Today I was reminded of something mind blowingly frustrating that happened years ago. Thought I'd get a mobile here cause they are so cool ...you can watch tv on them, listen to music, they can double as remote controls if u can't find your tv control. Some phones can even... if you're in a noisy place and having trouble hearing what the joker on the other end is saying to you, if you hold them up to your head... make your skull vibrate at frequency X so that you can hear joker Y on the other end as clear as day. amazing.

So some time ago I thought it was time I got one. Went down to the local mobile shop. Upon entrance and having been bowed to and welcomed the appropriate amount of times I approached second sales assistant Sachiko and requested a new mobile phone. The sales lady in great deference proceeded with oh most honorable customer this earth worm of an establishment thanks you for granting it the favour of your custom and asks to see your respectable ID...They have this function in their language here which serves to lift others up and put yourself down or visa versa. Anyway I said certainly here's an internationally recognised document; my passport...earthworm. After taking it to the back of the shop and holding a veritable conference with her superiors she apologised that as international as it was they still don't accept it. I'm sure my eyeballs almost exploded with disbelief. She went on to request my "alien card"....which is a card all foreigners have to carry that proves to everyone, once and for all, that foreigners aren't Japanese.

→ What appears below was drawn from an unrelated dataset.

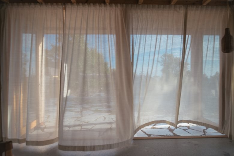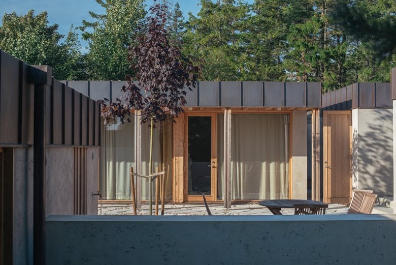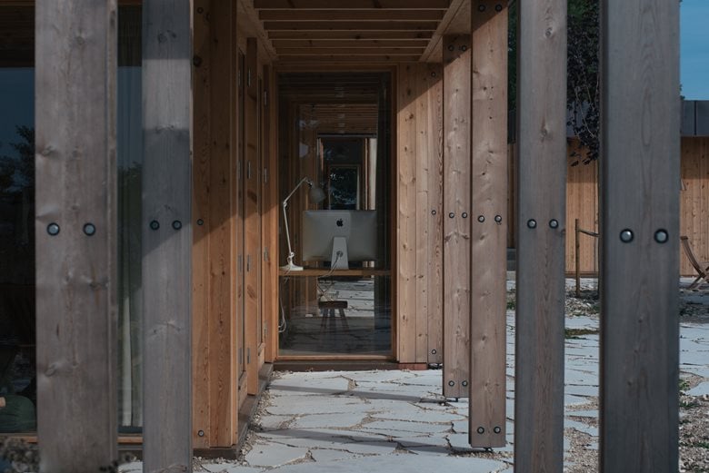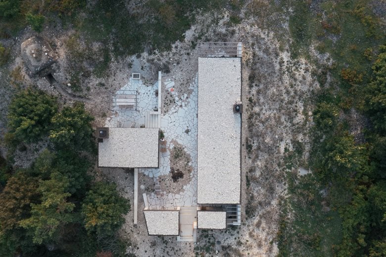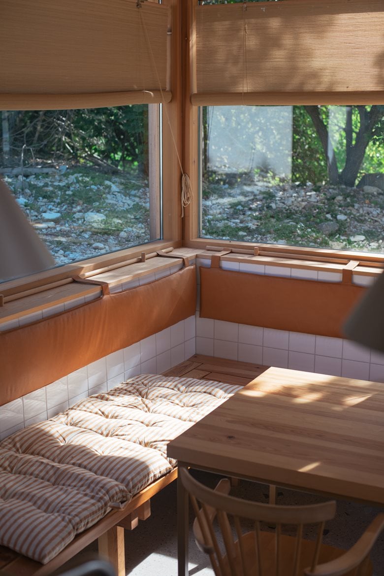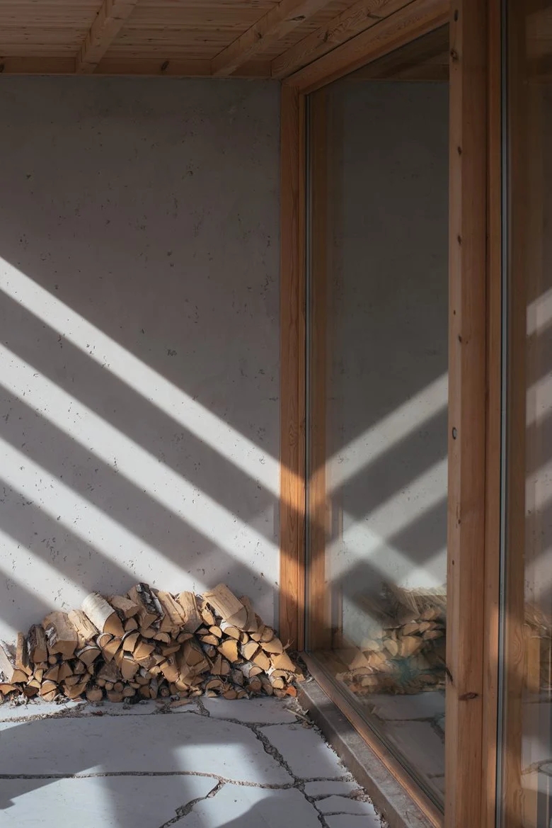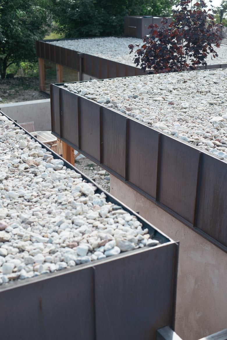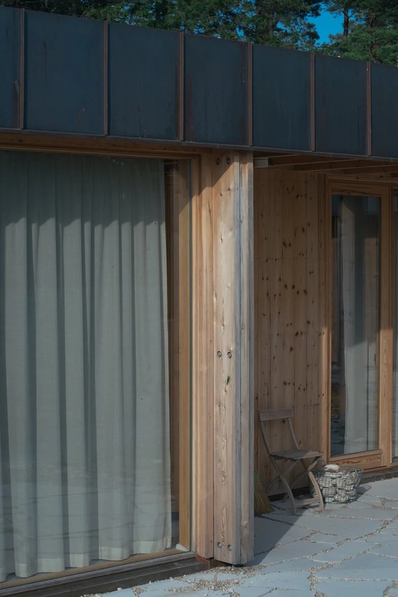 新增的建筑与现存的地堡共同构成了梯田式的外部空间,在场地内形成一个庭院。庭院中央生长着一棵孤零零的树,让这个空间仿佛小村庄里的小广场。房屋的平顶覆盖着场地周边特有的砾石。在军队到来之前,这里曾是哥特兰岛最大、最繁荣的石灰岩采石场之一。此地被自然环绕,白天哥特兰的阳光灿烂地照耀着它,夜晚则沐浴在月光之下。

I said it's at home I'll be back.

Got back an hour later. Second sales assistant Sachiko's superior took one look at it and said your names are in a different order on your passport and on your alien card....which one is your real name??? huh?! After a moment of stunned silence while the proverbial tumble weed passed through the room I stammered out a ..they're both my "real" names. The order's just different...and anyway my passport was no good wasn't it? huh? huh? Son of a pox mucked earthworm...I pointed out to him.. To which he said he'd have to call his boss in Nagoya to check which way to write my most respectable but misplaced name. With great deference I pointed out that he could just write my name any old goddam way and indicate the family name in bloody brackets for example. After a great show, for in Japanese there is no "no", of sighing and hissing and arrring ...i realised the game was lost and said I'd be back.

After a two hour lunch I went back and got my phone.

It was at least a month later, when I received the bill addressed to a certain "Stefanm Ark Freeman". That made my bloody blood boil.